### Information supplied:
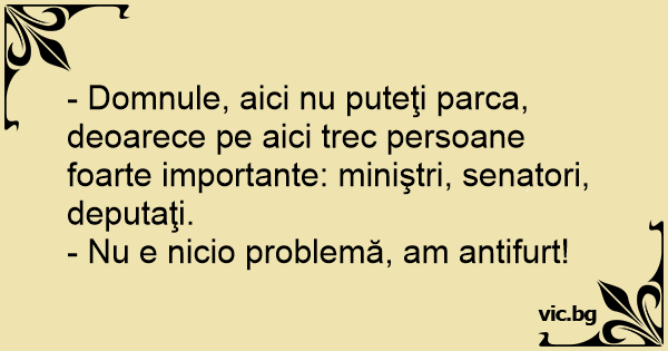 - Domnule, aici nu puteţi parca, deoarece pe aici trec persoane foarte importante: miniştri, senatori, deputaţi.
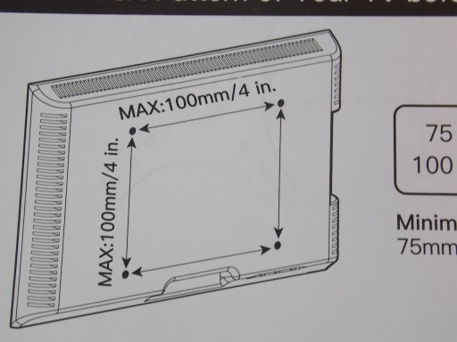 Twój telewizor powinien mieć cztery otwory montażowe na tylnym panelu. Odległość pozioma x pionowa między otworami (w mm) to wzór VESA. Ten uchwyt jest kompatybilny z 100x100, 75x75 i 50x50.
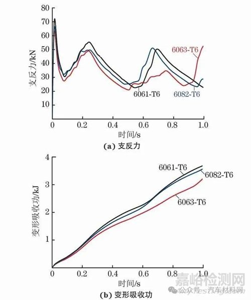 圖6 模擬得到6061-T6、6063-T6和6082-T6鋁合金方形薄壁梁在壓潰過程中的支反力和變形吸收功變化曲線

### Exercise instructions:
In the answer, give only the lines from the top of the data above through the line with "Twój telewizor powinien", reproduced exactly; no picture may appear.

### Response to the exercise:
 - Domnule, aici nu puteţi parca, deoarece pe aici trec persoane foarte importante: miniştri, senatori, deputaţi.
 Twój telewizor powinien mieć cztery otwory montażowe na tylnym panelu. Odległość pozioma x pionowa między otworami (w mm) to wzór VESA. Ten uchwyt jest kompatybilny z 100x100, 75x75 i 50x50.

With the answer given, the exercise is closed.